Love me hard ~ Elley Duhe

Caitlin

" Hello I'm at the airport ", I said as soon as Dylan answered my call.

I'm"Ok, give me a call when your plane lands, alright?" . " Ok, I will? "" You picking me up or…..?" I asked not wanting to complete the sentence.

" I'm sorry but I can't", he said, sounding anything but apologetic.

" Ok it's alright, I'll let you know when I get home gotta go".

" Bye take care we'll see when you arrive, you coming to my place right?", He said matter of factly.

" Hmm huh" , was my only response. "Gotta go", I said before ending the call and joining the queue.

” Supp Mason, I've just landed where are you guys?", I messaged my brother as I tried getting a cab.

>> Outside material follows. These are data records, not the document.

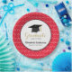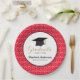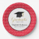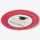 Diese Abschluss-Papierplatte (Einwegplatte) zeigt eine Grafik eines Abschluss-Hutes (Mörtel) und eine anpassbare Textdatei für: Klasse, Absolventenname, Name der Schule. Diese Papierplatte ist mit einem weißen, wirbelfarbenen Muster auf einem roten Hintergrund hervorgehoben.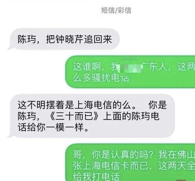 2020年8月,广东陆先生向记者反映,由于自己的手机号码出现在了热播剧《三十而已》的画面中,被观众误以为是剧中一男主的号码,每天会有数百个陌生来电和短信骚扰,甚至持续到凌晨两三点。无数人喊话让他追回前妻“钟晓芹”,令其不堪其扰。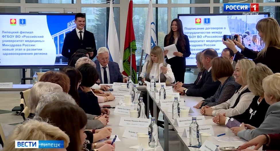 Соглашение о сотрудничестве подписали сегодня Российский университет медицины и 24 школы региона, где есть классы медико-биологического и химико-биологического профиля. Оно подразумевает взаимодействие между вузом и школами в разных форматах. Лекции и семинары, разработка спецкурсов, методическая помощь школам — чтобы готовить старшеклассников к будущей учебе. Речь и о том, чтобы учебно-лабораторная база липецкого филиала Российского университета медицины работала на эту цель. Александр Зубков, директор Липецкого филиала Российского университета медицины: — Профориентационная работа — это в том числе и проведение профильных мероприятий по химии, биологии. У нас прекрасные лаборатории по физике, у нас прекрасные лаборатории по химии. И грех их не использовать в интересах региона. Липецкий филиал Российского университета медицины открылся в регионе 1 сентября этого года. Первый поток студентов учится по специальности «Лечебное дело». Со следующего года планируется и направление «Педиатри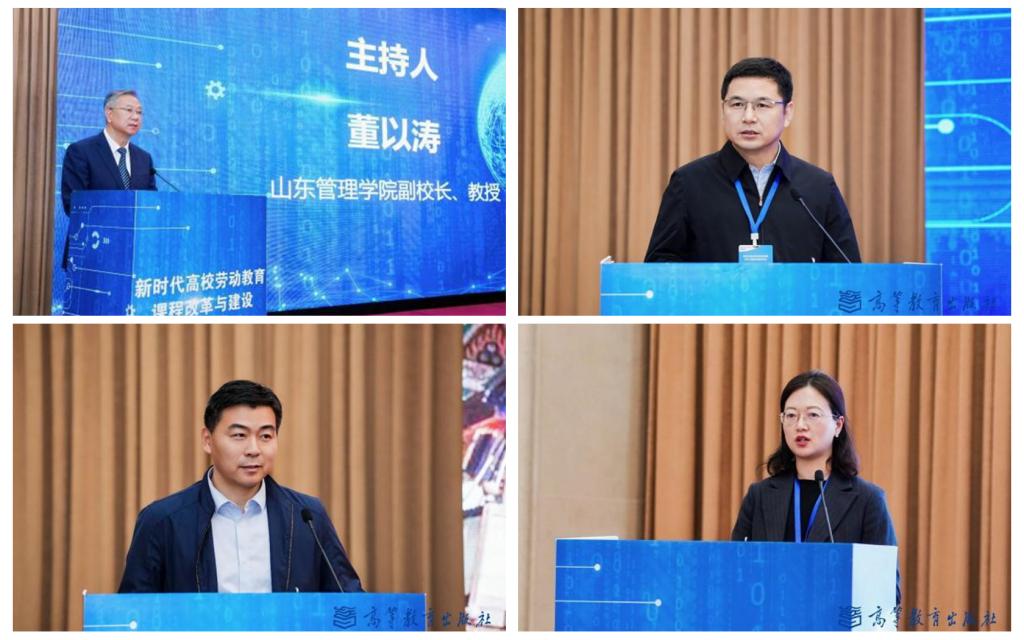大会还围绕“高质量劳动教育课程与教材建设”进行典型经验交流,济宁职业技术学院校长李中国教授、山东管理学院艺术学院常远副教授、高等教育出版社上海出版事业部副主任刘自挥分别围绕新时代高职院校劳动教育创新实践、劳动教育与专业课程深度融合、劳动教育教材经典框架构建及数字化转型发言。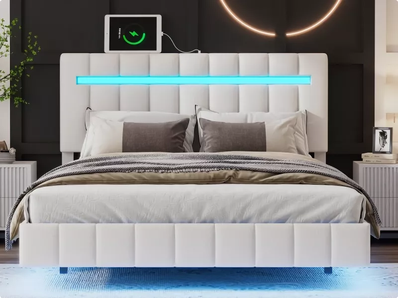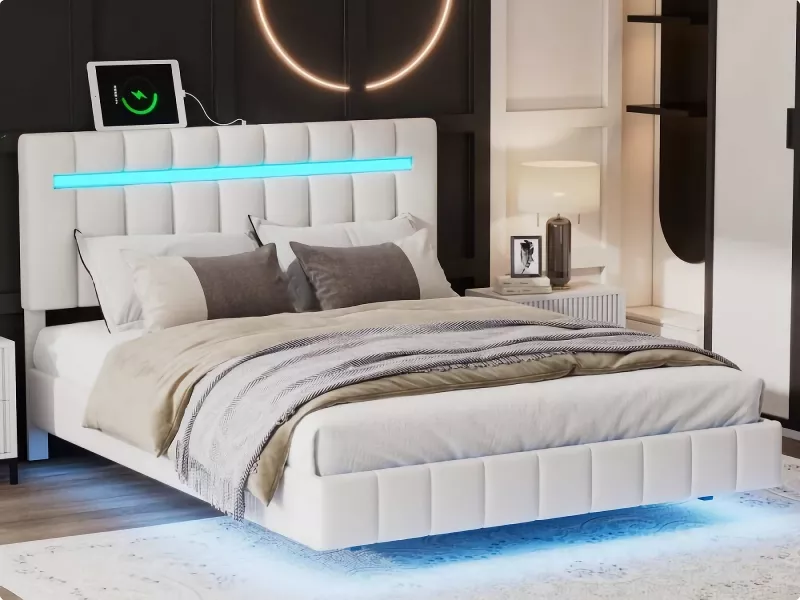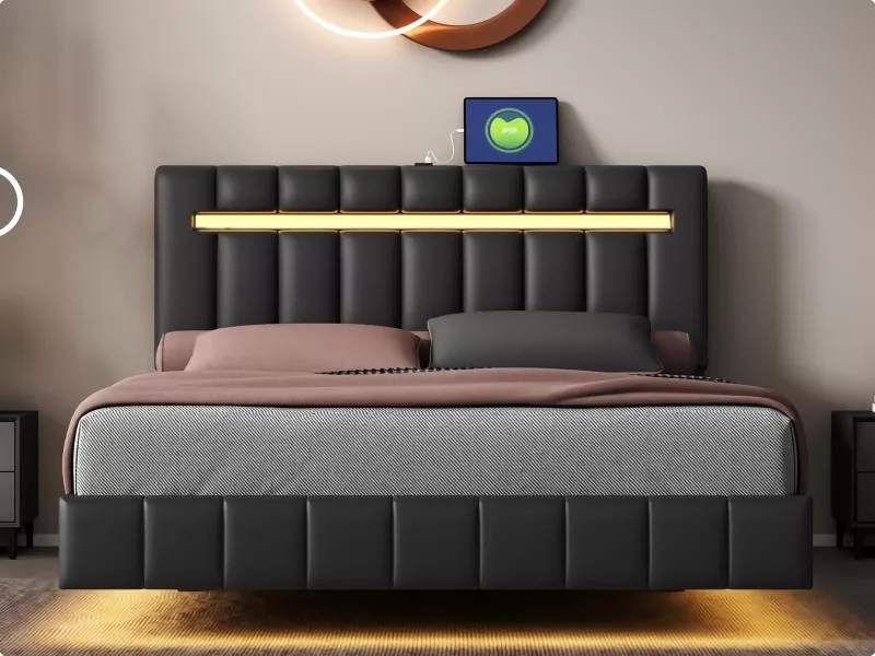 What sets this bed apart is its unique floating design combined with modern LED lighting and practical USB charging. It’s not just a bed frame; it’s a lifestyle upgrade. It’s designed for those who appreciate both style and functionality in their furniture. Embrace the future of bedroom design with our Modern Queen Size LED Upholstered Platform Bed Frame. Transform your bedroom into a sanctuary of modern comfort and style today! Don’t wait to experience the ultimate in bedroom luxury. Click to add to cart and bring home the future of sleep and style!

"We're not at home but somewhere nearby we'll be home before you", he texted back.

"Alright, hope you guys got me a little something. I haven't had any breakfast ", I texted back.

"Sure, Devon will fix you something, no worries", he replied. "Alright", I said before closing the chat .

"I'm home", I called out as I walked up to the front porch.

I heard noises from the other side of the door and knew my brothers were racing each other so I moved back a bit so they wouldn't crash into me.

First!"Devonte, Devon in short shouted as he reached the door before proceeding to open it so I could enter. He gave me a bone crushing hug afterwards as Mason showed up and proceeded to give me a lighter hug compared to Devon's.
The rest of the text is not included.